Gmetric sends the metric specified on the commandline to all B<udp_send_channel>s specified
in the configuration file B</etc/gmond.conf> by default. If you want to send metric to
alternate B<udp_send_channel>s, you can specify a different configuration file as such:

% gmetric --conf=./custom.conf -n "wow" -v "it works" -t "string"

All metrics in ganglia have a name, value, type and optionally units. For example, say I wanted
to measure the temperature of my CPU (something gmond doesn't do by default) then I could
send this metric with name="temperature", value="63", type="int16" and units="Celcius".

Assume I have a program called C<cputemp> which outputs in text the temperature of the CPU

% cputemp
63

I could easily send this data to all listening gmonds by running

% gmetric --name temperature --value `cputemp` --type int16 --units Celcius

Check the exit value of gmetric to see if it successfully sent the data: 0 on success and -1 on failure.

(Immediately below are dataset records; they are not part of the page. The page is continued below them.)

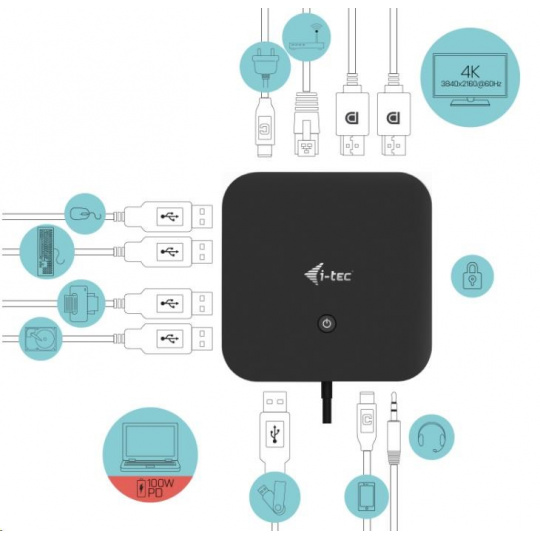 dokovacia stanica i-tec USB-C s dvoma displejmi, Power Delivery 100 W + univerzálna nabíjačka i-tec 112 W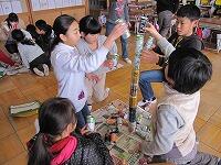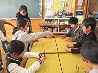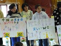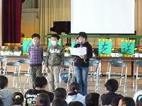 ウォークラリーのあとは、再び体育館に戻り在校生から6年生に向けて“感謝の歌”とプレゼントを贈りました。また、6年生からは千塚小を紹介する手作りの紙芝居をプレゼントしてもらいました。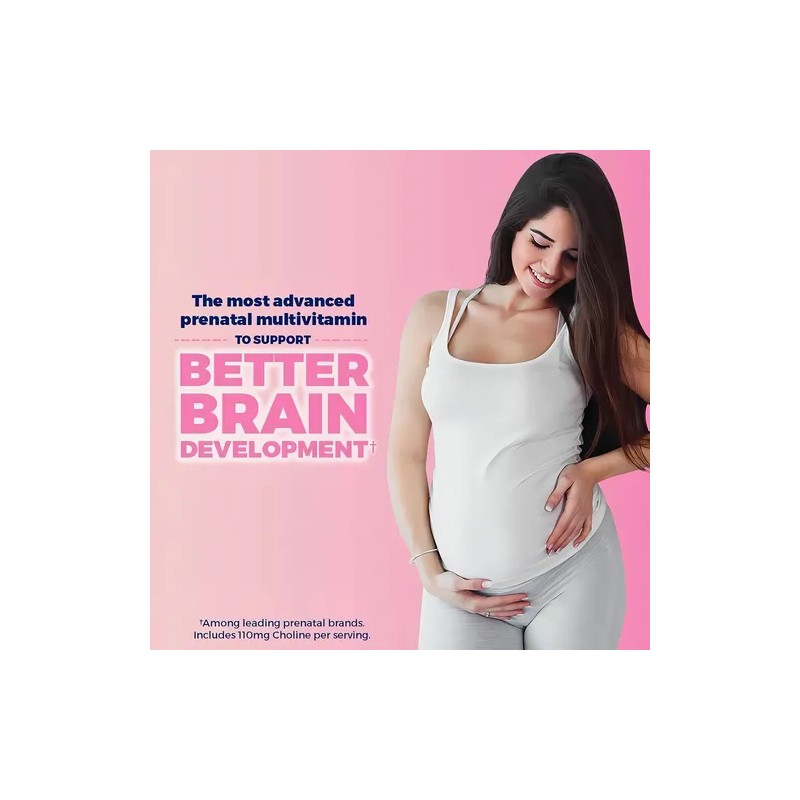El multivitamínico prenatal más avanzado para el desarrollo cerebral y cognitivo con tres nutrientes esenciales para el cerebro, incluyendo 110 mg de colina*

To constantly sample this temperature metric, you just need too add this command to your cron table.

=head2 Gstat

The Ganglia Cluster Status Tool (gstat) is a commandline utility that allows you to get status
report for your cluster.

To get help with the commandline options, simply pass C<gstat> the C<--help> option

% gstat --help
gstat GANGLIA_VERSION

Purpose:
The Ganglia Status Client (gstat) connects with a
Ganglia Monitoring Daemon (gmond) and output a load-balanced list
of cluster hosts

Usage: gstat [OPTIONS]...
-h --help Print help and exit
-V --version Print version and exit
-a --all List all hosts. Not just hosts running gexec (default=off)
-d --dead Print only the hosts which are dead (default=off)
-m --mpifile Print a load-balanced mpifile (default=off)
-1 --single_line Print host and information all on one line (default=off)
-l --list Print ONLY the host list (default=off)
-iSTRING --gmond_ip=STRING Specify the ip address of the gmond to query (default='127.0.0.1')
-pINT --gmond_port=INT Specify the gmond port to query (default=8649)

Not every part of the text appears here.